> **TASK DIRECTIONS**
Starting at the line containing "2026학년도 단국대학교 조소과 합격자" and ending at the line containing "Final challenge: even", transcribe the listing below exactly. Keep both end lines, skip the pictures, and copy nothing else.

> **RECORD EXCERPTS**
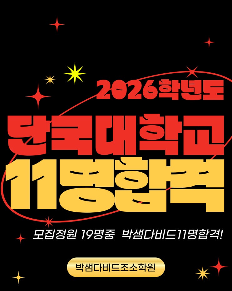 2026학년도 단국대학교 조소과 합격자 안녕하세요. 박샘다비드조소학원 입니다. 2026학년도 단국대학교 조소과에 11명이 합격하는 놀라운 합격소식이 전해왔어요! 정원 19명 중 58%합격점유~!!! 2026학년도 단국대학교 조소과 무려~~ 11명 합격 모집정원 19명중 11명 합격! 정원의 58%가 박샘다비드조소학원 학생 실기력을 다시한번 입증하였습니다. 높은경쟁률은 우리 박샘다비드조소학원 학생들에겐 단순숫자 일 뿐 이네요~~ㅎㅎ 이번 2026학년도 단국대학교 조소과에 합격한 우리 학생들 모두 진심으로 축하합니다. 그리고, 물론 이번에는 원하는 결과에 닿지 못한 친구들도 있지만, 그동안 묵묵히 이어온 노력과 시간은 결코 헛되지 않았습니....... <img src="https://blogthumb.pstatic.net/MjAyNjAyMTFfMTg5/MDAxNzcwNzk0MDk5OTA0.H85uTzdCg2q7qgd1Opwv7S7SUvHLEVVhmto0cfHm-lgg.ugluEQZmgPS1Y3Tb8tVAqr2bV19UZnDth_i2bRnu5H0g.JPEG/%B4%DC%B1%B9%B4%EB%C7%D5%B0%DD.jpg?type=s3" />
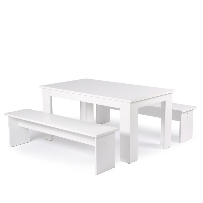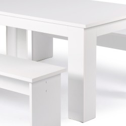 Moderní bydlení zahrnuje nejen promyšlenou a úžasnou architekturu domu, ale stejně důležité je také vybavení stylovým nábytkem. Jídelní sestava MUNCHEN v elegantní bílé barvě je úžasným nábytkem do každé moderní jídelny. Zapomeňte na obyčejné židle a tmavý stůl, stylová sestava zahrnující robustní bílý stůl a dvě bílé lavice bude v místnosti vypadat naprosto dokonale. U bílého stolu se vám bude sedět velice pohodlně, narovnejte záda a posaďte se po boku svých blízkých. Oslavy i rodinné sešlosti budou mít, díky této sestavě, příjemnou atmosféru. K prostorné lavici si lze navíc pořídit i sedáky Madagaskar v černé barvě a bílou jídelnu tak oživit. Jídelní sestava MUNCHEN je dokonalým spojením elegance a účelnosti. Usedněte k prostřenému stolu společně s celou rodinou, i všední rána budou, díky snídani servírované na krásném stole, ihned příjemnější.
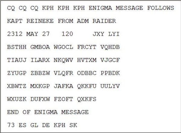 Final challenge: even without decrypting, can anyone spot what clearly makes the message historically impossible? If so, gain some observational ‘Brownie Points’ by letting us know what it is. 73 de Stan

* * *

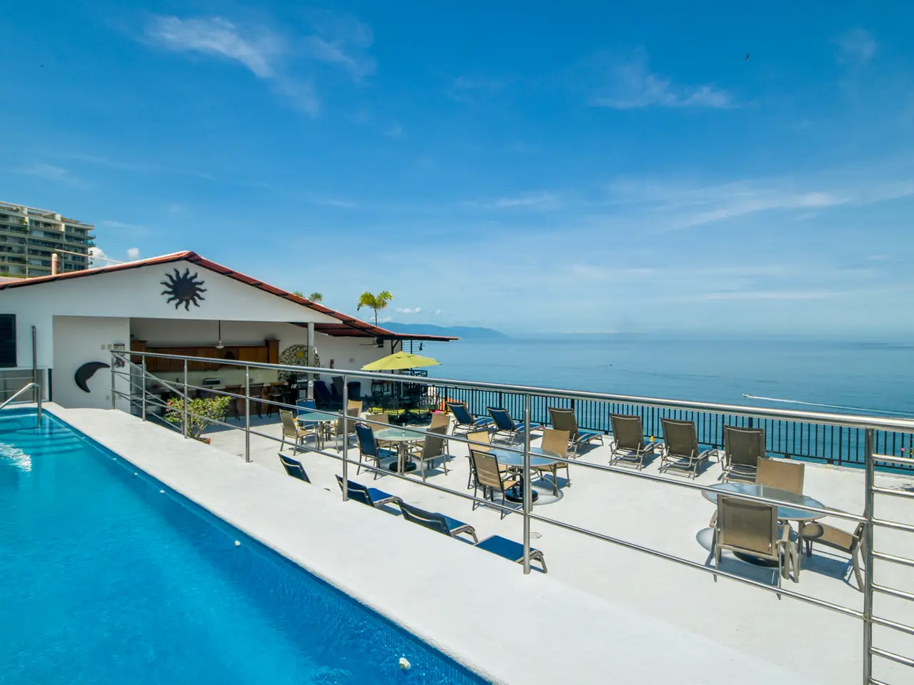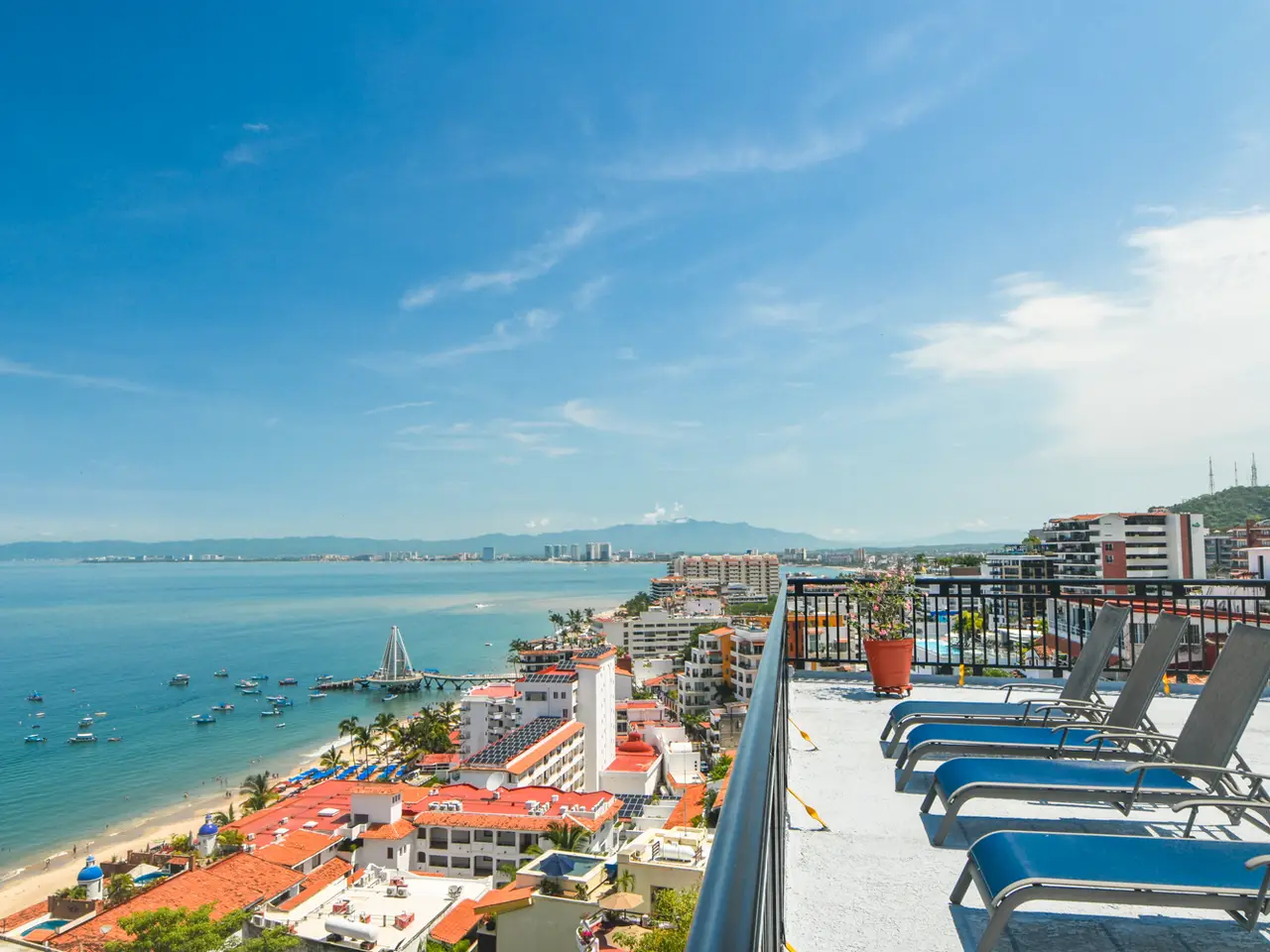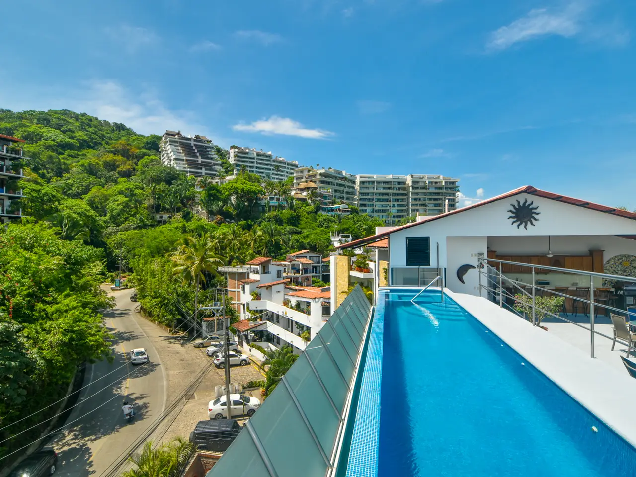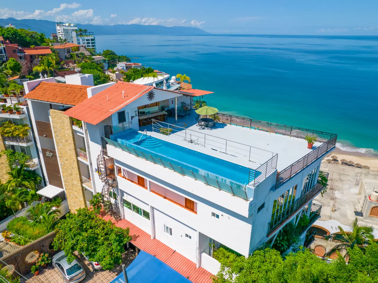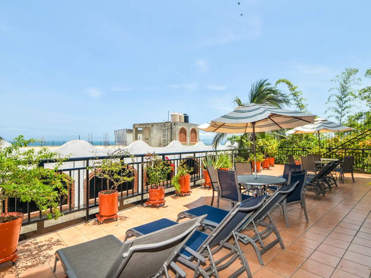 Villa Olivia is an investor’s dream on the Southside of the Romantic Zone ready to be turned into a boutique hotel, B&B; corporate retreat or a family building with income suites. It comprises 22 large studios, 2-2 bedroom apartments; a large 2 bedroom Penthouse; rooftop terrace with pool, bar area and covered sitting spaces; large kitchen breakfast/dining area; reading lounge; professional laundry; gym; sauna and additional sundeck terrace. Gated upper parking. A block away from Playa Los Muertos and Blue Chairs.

> **TASK ANSWER**
 2026학년도 단국대학교 조소과 합격자 안녕하세요. 박샘다비드조소학원 입니다. 2026학년도 단국대학교 조소과에 11명이 합격하는 놀라운 합격소식이 전해왔어요! 정원 19명 중 58%합격점유~!!! 2026학년도 단국대학교 조소과 무려~~ 11명 합격 모집정원 19명중 11명 합격! 정원의 58%가 박샘다비드조소학원 학생 실기력을 다시한번 입증하였습니다. 높은경쟁률은 우리 박샘다비드조소학원 학생들에겐 단순숫자 일 뿐 이네요~~ㅎㅎ 이번 2026학년도 단국대학교 조소과에 합격한 우리 학생들 모두 진심으로 축하합니다. 그리고, 물론 이번에는 원하는 결과에 닿지 못한 친구들도 있지만, 그동안 묵묵히 이어온 노력과 시간은 결코 헛되지 않았습니....... <img src="https://blogthumb.pstatic.net/MjAyNjAyMTFfMTg5/MDAxNzcwNzk0MDk5OTA0.H85uTzdCg2q7qgd1Opwv7S7SUvHLEVVhmto0cfHm-lgg.ugluEQZmgPS1Y3Tb8tVAqr2bV19UZnDth_i2bRnu5H0g.JPEG/%B4%DC%B1%B9%B4%EB%C7%D5%B0%DD.jpg?type=s3" />
 Moderní bydlení zahrnuje nejen promyšlenou a úžasnou architekturu domu, ale stejně důležité je také vybavení stylovým nábytkem. Jídelní sestava MUNCHEN v elegantní bílé barvě je úžasným nábytkem do každé moderní jídelny. Zapomeňte na obyčejné židle a tmavý stůl, stylová sestava zahrnující robustní bílý stůl a dvě bílé lavice bude v místnosti vypadat naprosto dokonale. U bílého stolu se vám bude sedět velice pohodlně, narovnejte záda a posaďte se po boku svých blízkých. Oslavy i rodinné sešlosti budou mít, díky této sestavě, příjemnou atmosféru. K prostorné lavici si lze navíc pořídit i sedáky Madagaskar v černé barvě a bílou jídelnu tak oživit. Jídelní sestava MUNCHEN je dokonalým spojením elegance a účelnosti. Usedněte k prostřenému stolu společně s celou rodinou, i všední rána budou, díky snídani servírované na krásném stole, ihned příjemnější.
 Final challenge: even without decrypting, can anyone spot what clearly makes the message historically impossible? If so, gain some observational ‘Brownie Points’ by letting us know what it is. 73 de Stan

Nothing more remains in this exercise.